*** Dataset excerpts Section Begins ***
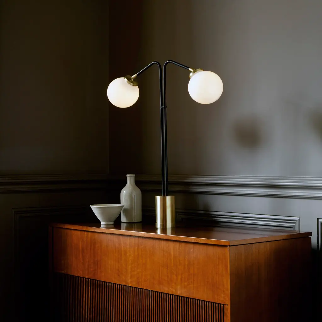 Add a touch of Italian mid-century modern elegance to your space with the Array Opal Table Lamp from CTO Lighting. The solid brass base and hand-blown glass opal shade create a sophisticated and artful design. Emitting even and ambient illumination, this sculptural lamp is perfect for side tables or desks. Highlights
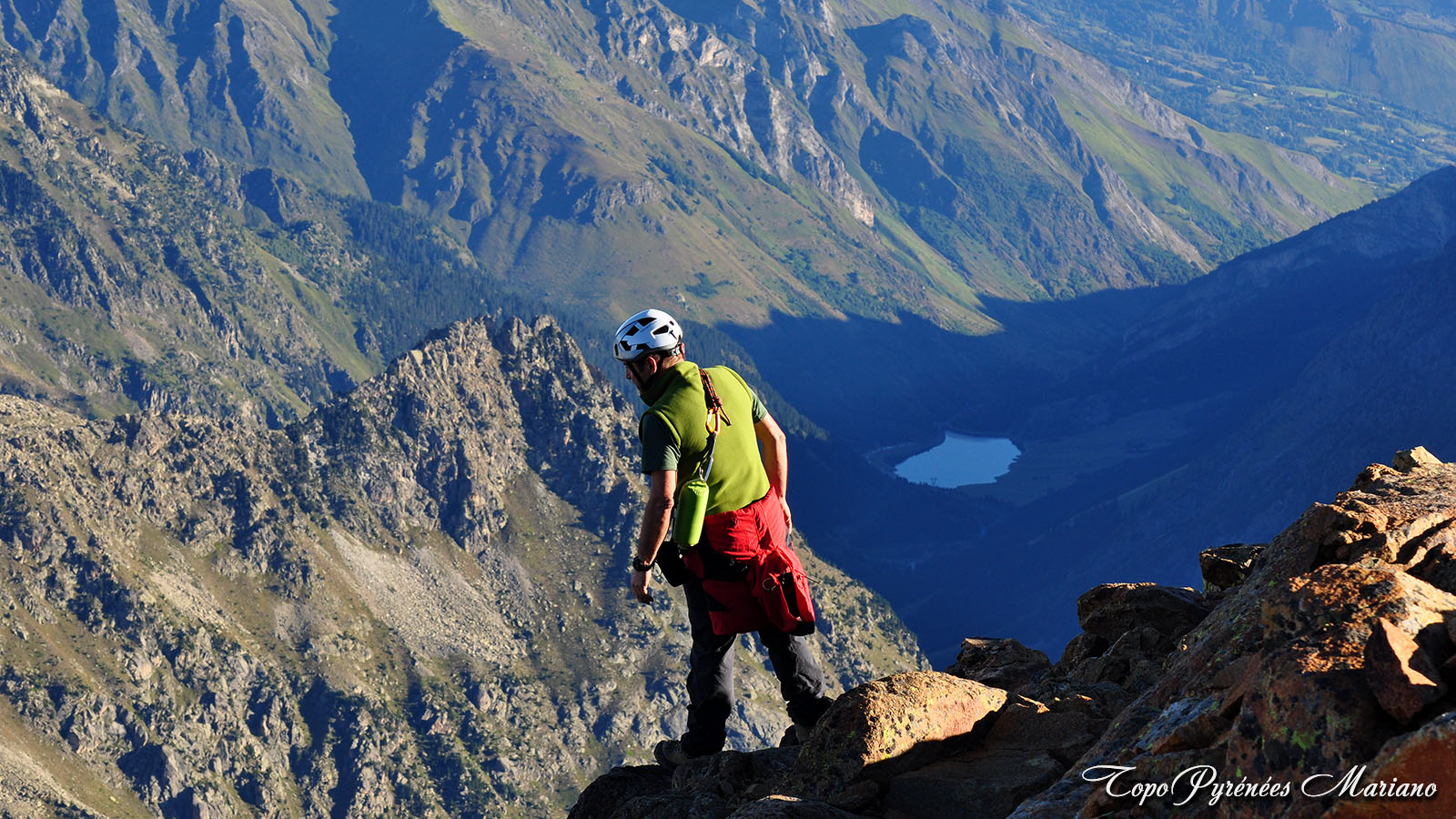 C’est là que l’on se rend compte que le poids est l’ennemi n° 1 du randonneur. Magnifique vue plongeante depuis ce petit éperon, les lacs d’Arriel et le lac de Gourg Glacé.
*** Dataset excerpts Section Ends ***
*** Dataset excerpts Section Begins ***
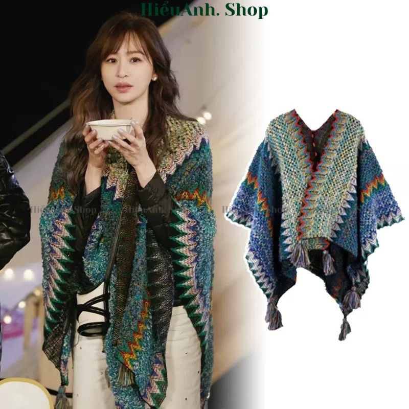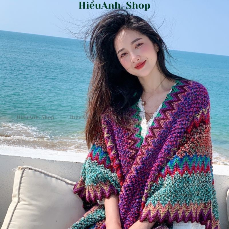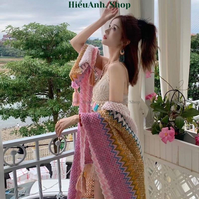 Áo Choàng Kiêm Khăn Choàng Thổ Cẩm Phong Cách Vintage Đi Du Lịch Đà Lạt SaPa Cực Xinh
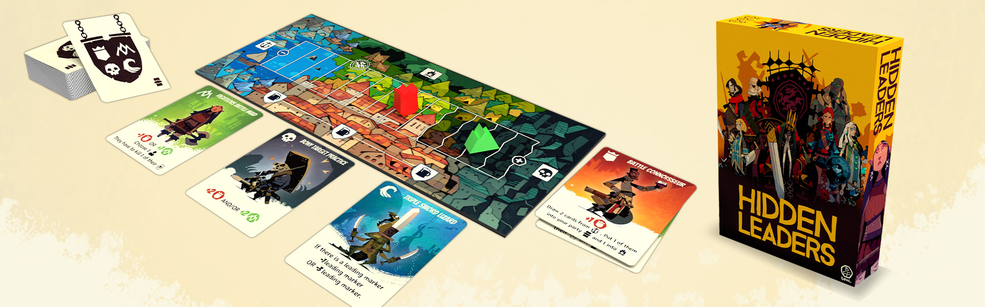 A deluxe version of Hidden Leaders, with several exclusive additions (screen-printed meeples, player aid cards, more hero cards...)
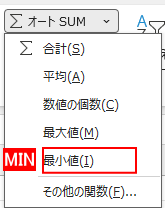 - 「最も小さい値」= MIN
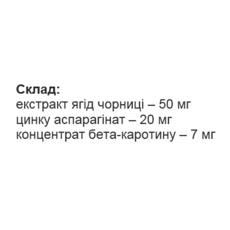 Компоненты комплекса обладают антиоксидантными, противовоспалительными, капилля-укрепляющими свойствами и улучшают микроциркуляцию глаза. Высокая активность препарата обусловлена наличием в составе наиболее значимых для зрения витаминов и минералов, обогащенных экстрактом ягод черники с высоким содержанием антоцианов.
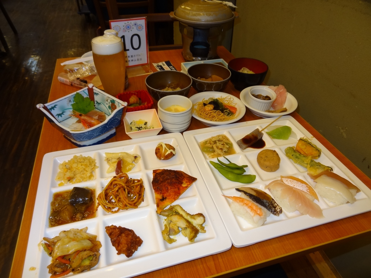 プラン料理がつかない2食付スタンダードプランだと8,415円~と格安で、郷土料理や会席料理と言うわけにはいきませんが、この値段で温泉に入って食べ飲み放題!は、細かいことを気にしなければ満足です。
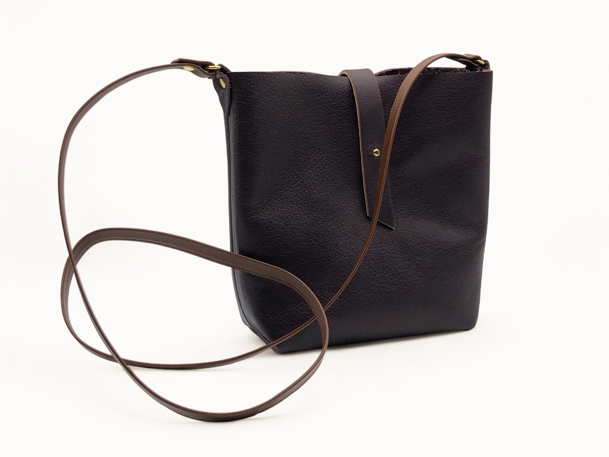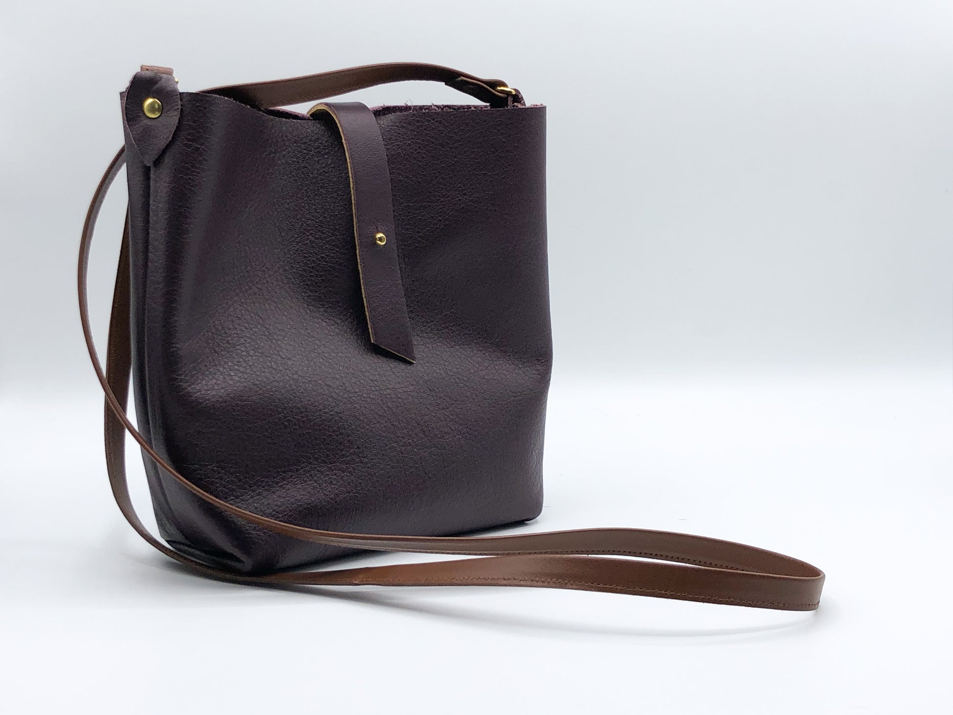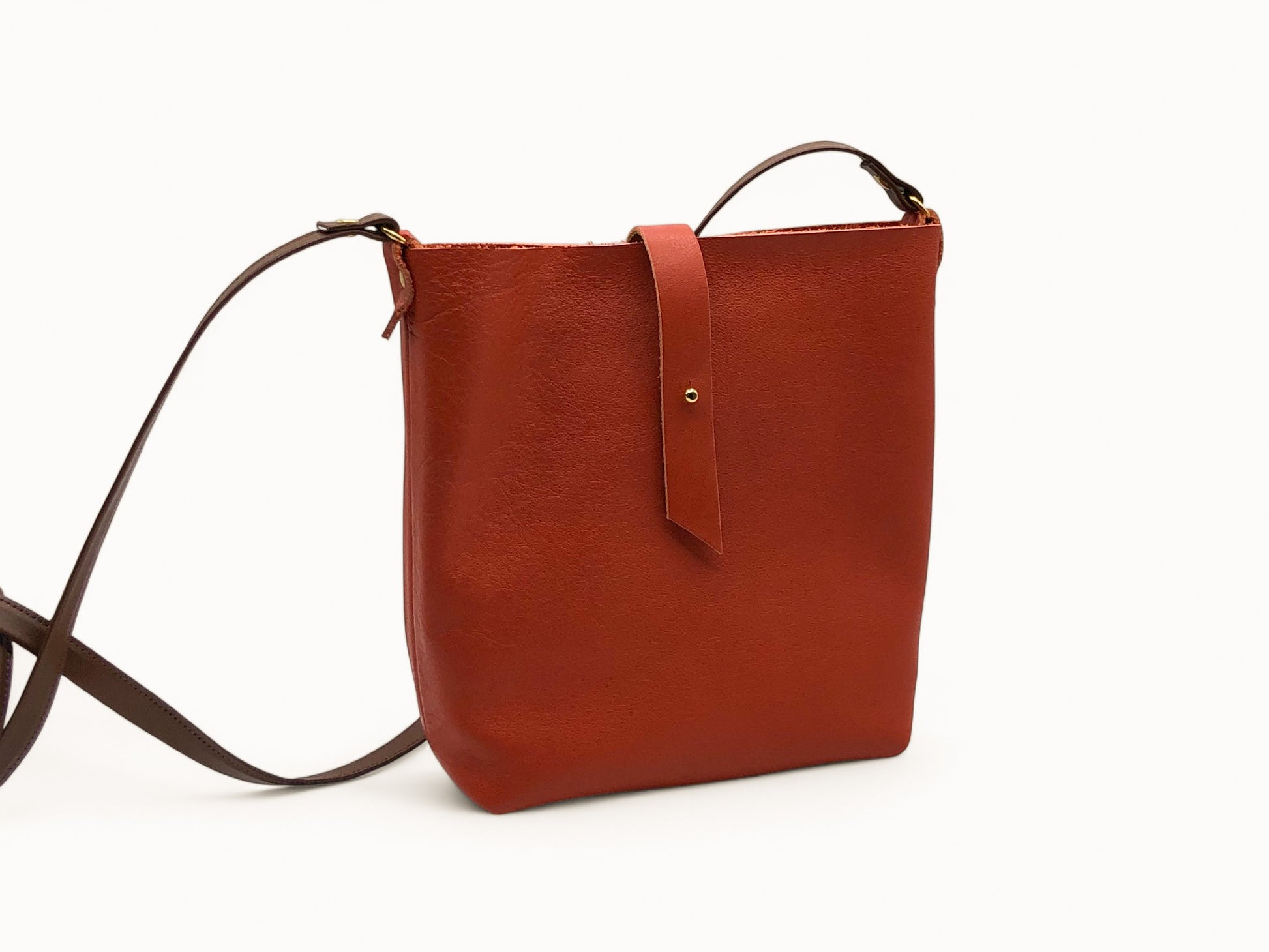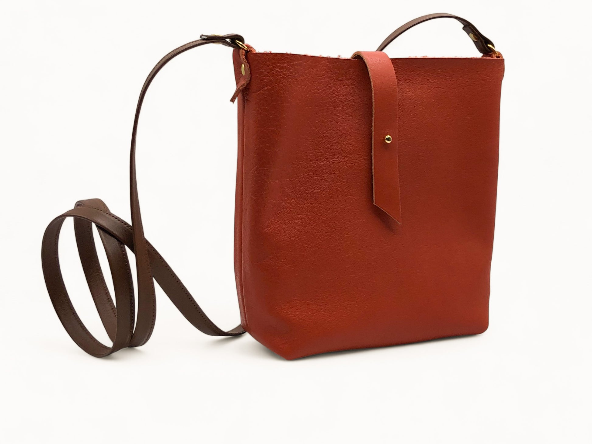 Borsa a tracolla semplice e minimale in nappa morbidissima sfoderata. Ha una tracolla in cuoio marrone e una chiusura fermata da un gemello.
*** Dataset excerpts Section Ends ***
• **Directions**
In the records above, copy exactly everything from the line that has "Add a touch" down to the line that has "C’est là que", both ends included, and leave out the pictures.

• **Output of the exercise**
 Add a touch of Italian mid-century modern elegance to your space with the Array Opal Table Lamp from CTO Lighting. The solid brass base and hand-blown glass opal shade create a sophisticated and artful design. Emitting even and ambient illumination, this sculptural lamp is perfect for side tables or desks. Highlights
 C’est là que l’on se rend compte que le poids est l’ennemi n° 1 du randonneur. Magnifique vue plongeante depuis ce petit éperon, les lacs d’Arriel et le lac de Gourg Glacé.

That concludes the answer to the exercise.